Aubrey: I would argue that honey is processed by bees. [Michael laughs] It is flowers processed by bees.


Michael: If its animal processed, then it's fine. I guess milk is processed by cows. Maybe we're onto something, Aubrey. Let's publish. [Aubrey laughs] So, this brings us to the massive mainstreaming of this term in 2023, when a guy named Chris van Tulleken comes out with a book called Ultraprocessed People. Why do we all eat stuff that isn't food? And why can't we stop.


Aubrey: As soon as it came out, we got so many episode requests for it.


Michael: So, many episode requests. So, Chris van Tulleken is a professor at my alma mater, UCL. Do you know what UCL stands for? 


Aubrey: University College of London. 


Michael: It's the worst name of a university in the whole fucking world. University College? guys. 


Aubrey: That's really funny. 


Michael: Yesterday, I had lunch at Food Restaurant. 


Aubrey: Listen, I went to a school called Portland State. 


Michael: Oh, Portland's not a state, do they know that? 


Aubrey: Correct. 


Michael: Do they know that is not a state?


Aubrey: Correct. I know. Oh, no. 


Michael: Also, you went to Brown. Why are you forgetting pretending you went to [laughs] school. 


Aubrey: I went to two years of Portland State and two years of Brown.


Michael: [laughs] No, I do know this. I just like reminding listeners that you went to Brown because you hate it. [laughs]


Aubrey: I hate that fucking shit. [Michael laughs]


Michael: Any excuse.


Aubrey: Now you're going to leave- [crosstalk] 


Michael: School Brown, laughs] 


Aubrey:  all this shit into-- [crosstalk] 


Michael: The Brown [laughs] So, the thing is, we're not going to go super-duper into this book. Mostly because I already have a podcast that does that. I can't just like, do fucking books all the time. The book honestly, I've read worse from British TV presenters. As I was going, I would double check things, and most factually, it mostly checks out. You don't catch him saying anything completely false. But I think the core problem of the book is that this concept of ultraprocessed food just does not hold up to 300 pages of discourse. I think throughout the book you keep getting this sense that, the ultraprocessed concept is not really helping us understand anything. So, he has a whole section about climate change that the way that we're eating is like, really bad for the climate, which is absolutely true. 

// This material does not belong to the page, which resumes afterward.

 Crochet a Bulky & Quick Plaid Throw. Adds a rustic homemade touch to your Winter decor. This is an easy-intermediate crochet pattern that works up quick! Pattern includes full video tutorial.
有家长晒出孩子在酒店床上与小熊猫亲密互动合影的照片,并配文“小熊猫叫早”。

And then he says, “Well, ultraprocessed foods are driving climate impacts.” And I was like, “Are they though?” I went to the various NGOs have rankings of foods that are the worst for the climate. And so, the top 10 foods that have the worst climate impact are beef, lamb, cheese, cow's milk, dairy products generally, chocolate, coffee, shrimp, palm oil, pork and chicken. 


Aubrey: Oh, shrimp. 


Michael: And Chris van Tulleken admits this. He's like, “Well, these aren't necessarily ultraprocessed foods, but they're part of this ultraprocessed food system.” And he tries to make that work, but it's like, “If you want to reduce your climate impacts, you wouldn't stop eating ultraprocessed food. You would stop eating meat.” Meat is catastrophically bad for the climate, especially cows. Anything involving cows is really bad.


Aubrey: Well, and you could argue just as much if you're saying, like, “Beef is part of the problem.” Imported beef is also a big part of the fine dining landscape.

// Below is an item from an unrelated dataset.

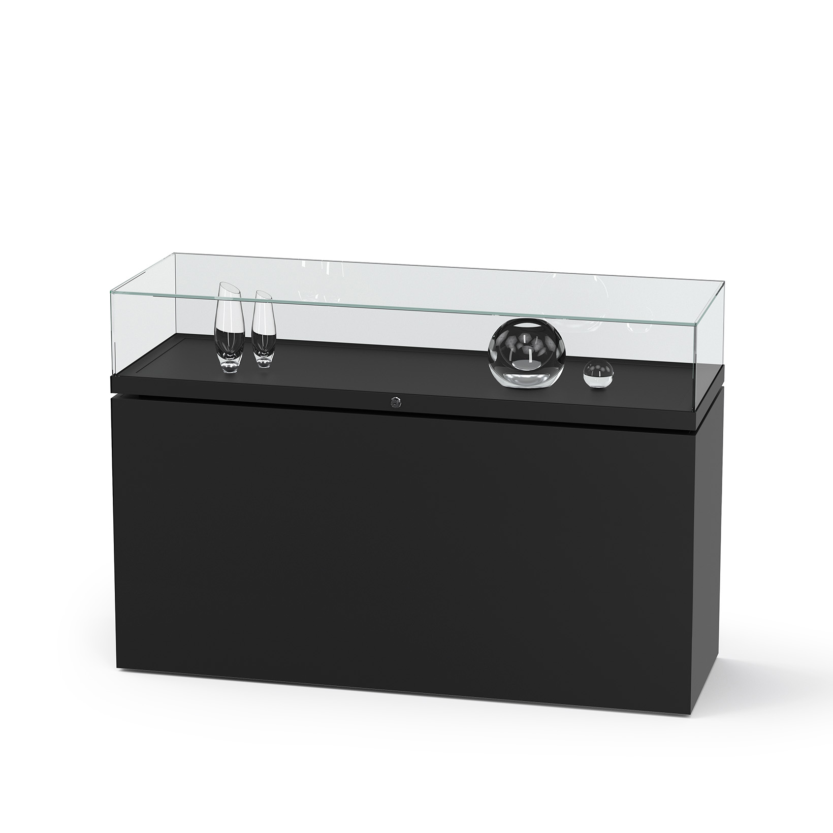 Tischvitrine Glas mit abschließbarem Unterschrank Rahmenlose Ganzglas-Konstruktion mit 8mm ESG-SicherheitsglasUnsere Stauraum-VitrineDesign-Vitrine für Museen, Ausstellungen oder das exklusive Büro Unterschrank aus beschichteter Holzplatte Größen B/H/T1000 × 970 × 500 mm1200 × 970 × 500 mm1400 × 970 × 500 mmHöhe des Glaskorpus 220 mmÖffnung - Glaskorpus aufklappbar mit seitlichen Gasdrucköffnern, die den Aufbau arretierenVerglasung - Einscheiben-Sicherheitsglas / ESGOberfläche – schwarz - optional: weiß oder hellgrauBeleuchtung - ohne Beleuchtung - optional: waagerechte Stahlerschiene mit LED-Strahlern, inkl. TrafoSchließung - Sicherheitsschlößer mit je 2 Schlüsseln

Michael: This is the thing is he's constantly straddling ultraprocessed and unprocessed because you can eat a steak, which is unprocessed, but that's terrible for the planet. 

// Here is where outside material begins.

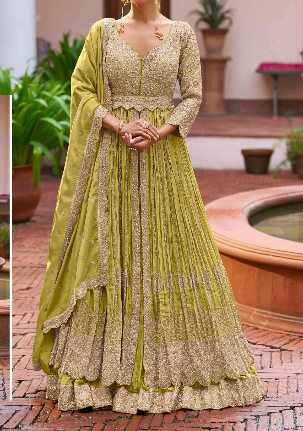 Featuring This Gorgeous party wear Anarkali Suit from the Brand Gulkayra in Real Chinon paired with a Lehenga (Skirt), and dupatta.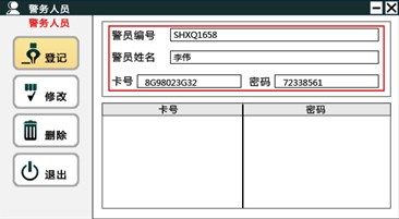 2)警務人員管理 點“登記”項,系統會自動提示您登錄該人員的各類信息。

Aubrey: Even worse if it's like Wagyu from Japan being shipped-- [crosstalk].


Michael: Like, flown in frozen. 


Aubrey: Yes.


Michael: It just is like, “I don't like, over and over again in the book, you're like, this is interesting as a critique of the food system, but processing isn't like a very good entry point to this.” He also has a whole section about how ultraprocessed food is addictive. So, I'm going to send this to you.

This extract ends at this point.